Gad grew up in a relatively affluent home in Copenhagen. Her father and uncle were the owners of the trading house G. Halkier & Co. She received a good education for a woman at the time and married Nicolas Urban Gad, a rear admiral, in 1872. They had two sons: Henry and Peter Urban Gad, who later became a filmmaker. She was a member of many trade unions and women's societies in Copenhagen, and her home was an important meeting place for intellectuals in Denmark at the turn of the century.

In 1886 she premiered as a dramatist at the Royal Danish Theatre's Ny Scene. In the mid-1890s, she was the driving force behind the successful 1895 Copenhagen Women's Exhibition. In 1898 she co-founded the Women's Trade and Clerical Association, which was the first professional organization of women in the office.

In 1905, Gad and the Danish Handicraft Association organized a "Colony Exhibition" at Tivoli Gardens, with Princess Louise as patron and Moses Melchior as president.
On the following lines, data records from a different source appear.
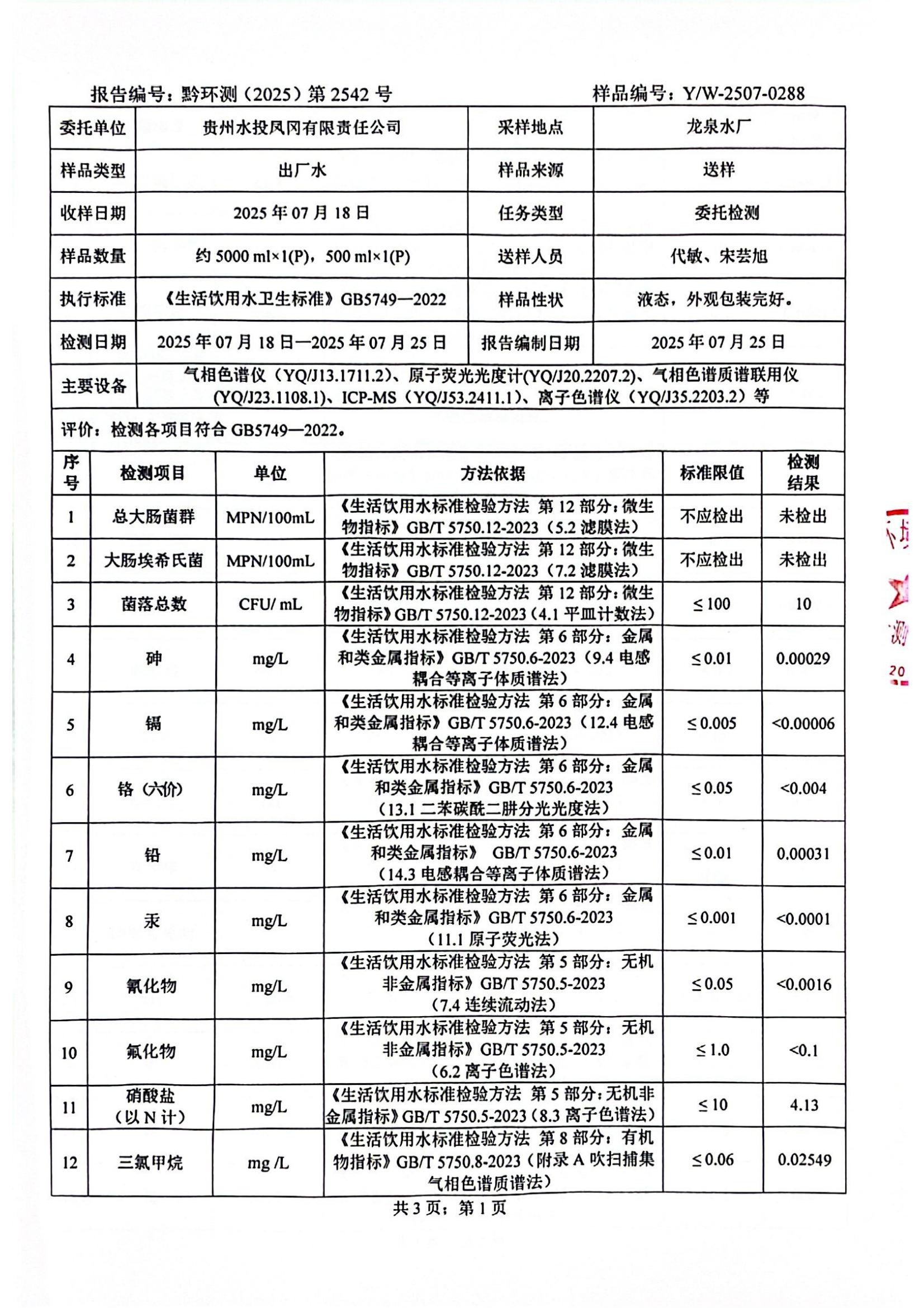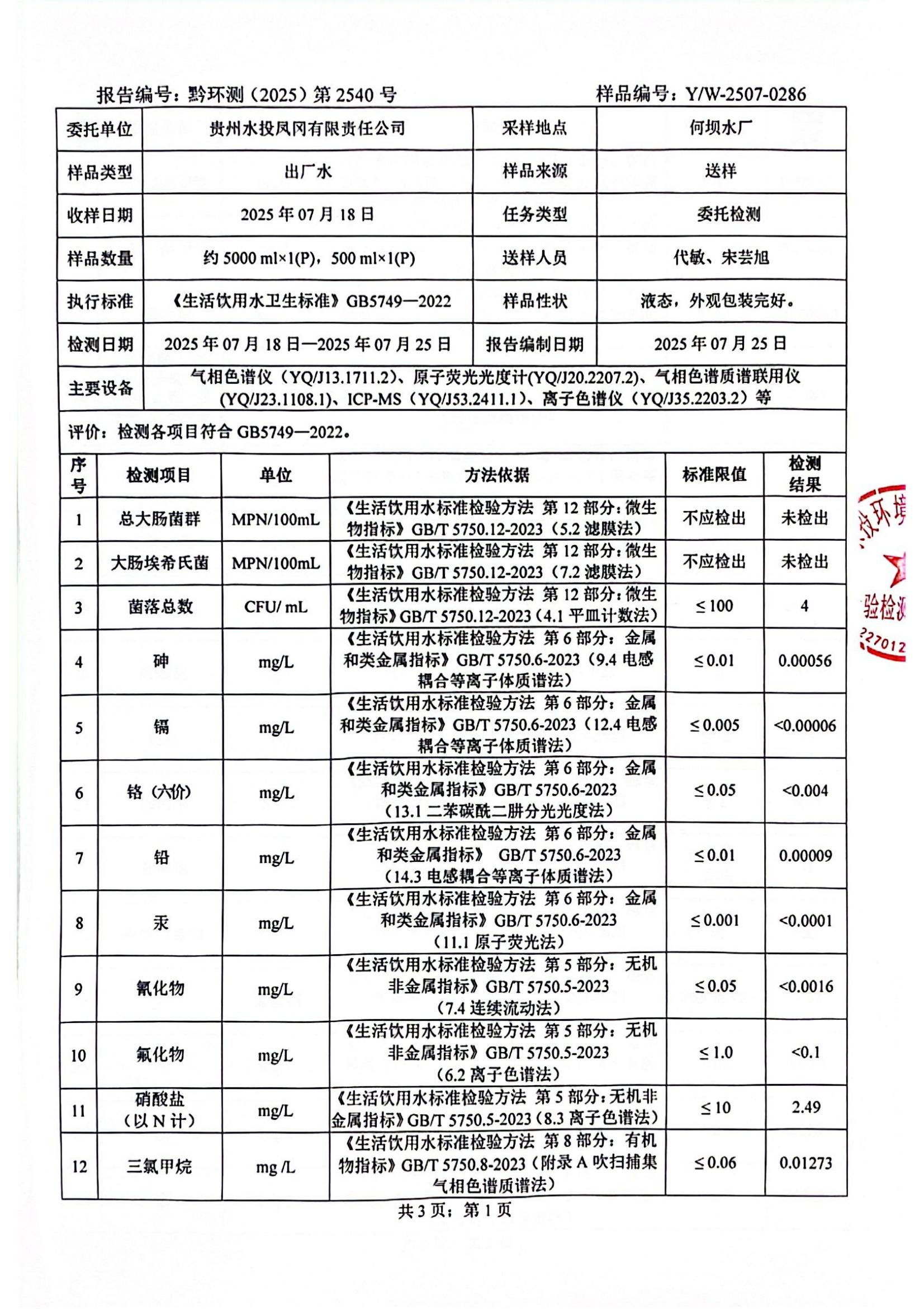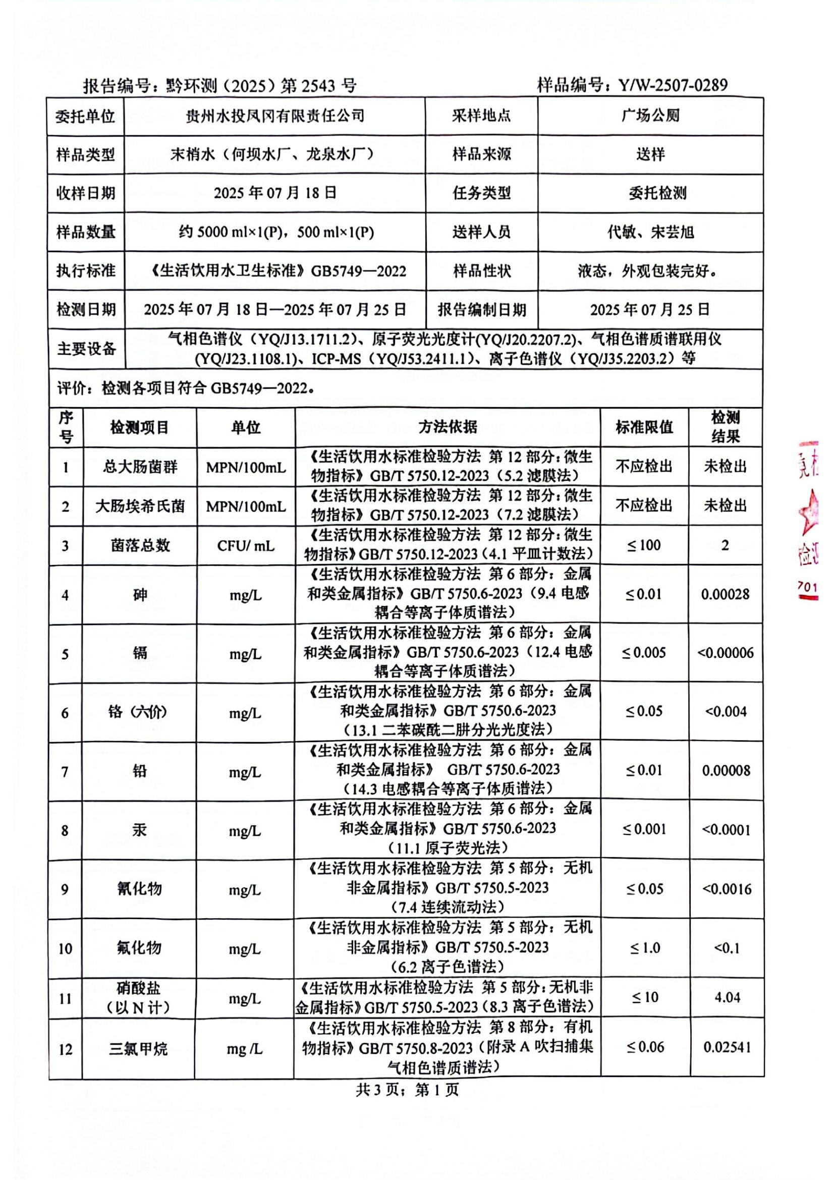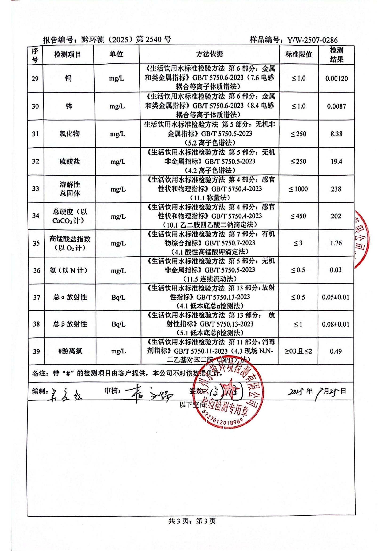 2025年7月城区水质检测报告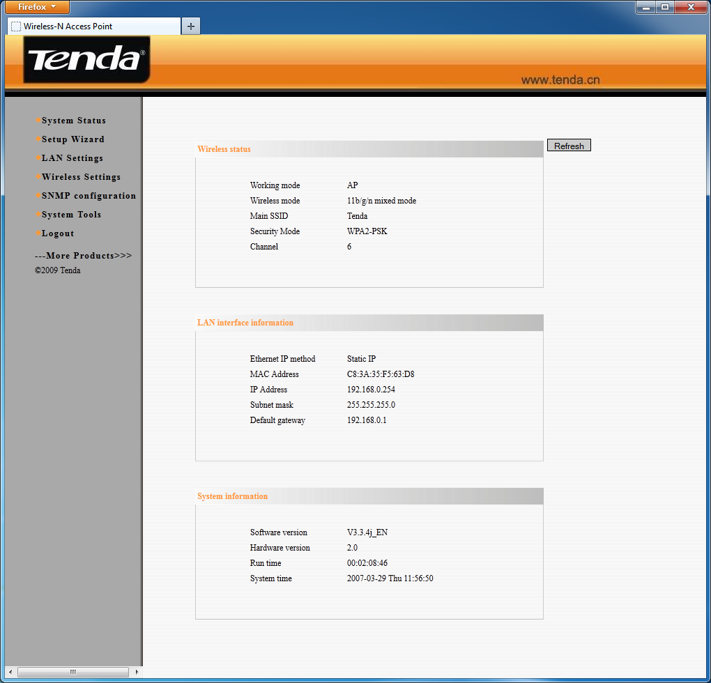 Точка доступа имеет предустановленный фиксированный адрес 192.168.0.254, так что для доступа к ее web-интерфейсу возможно придется изменить настройки сетевого адаптера в ПК. Отметим, что интерфейс есть только на английском языке. В тестировании использовалась последняя доступная версия прошивки V3.3.4j.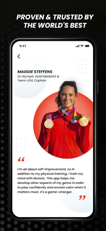 "I use the Restoic app because it reinforces how I want to optimally talk to myself through practice, meditation, and self-awareness. I can't express enough how powerful I think Restoic is." - Olivia Smoliga, 2016 Olympic Gold Medalist, Swimming

It was Gad's intent to display an adult Black couple from the Danish West Indies. Due to being unable to persuade any adults to undertake the voyage, a decision was made to bring Black children to Denmark for the exhibit. Sarah Eliza Allen, an impoverished West Indian woman, consented to her 6 year old son Victor Cornelins being sent to Copenhagen in 1905. A 5 year old girl Alberta was also sent. Both children remained in Denmark for the rest of their lives. Alberta died of tuberculosis at a young age, while Victor went on to become a well-known educator.

==Etiquette - About Dealing with People==
Gad's book Etiquette - About Dealing with People (Danish: Takt og Tone - Om Omgang med Mennesker) was published in 1918. Her oft-repeated point is that when visitation is between considerate people then "etiquette" is not necessary. It is the indifferent, selfish, or directly ruthless people that create the need for a formal etiquette.

==Legacy and memorials==
Emma Gads Vej, a street in Ørestad, Copenhagen, is named after her. On 21 January 2013 Google made a doodle for Emma Gad's 161st birthday, in honor of her book of etiquette.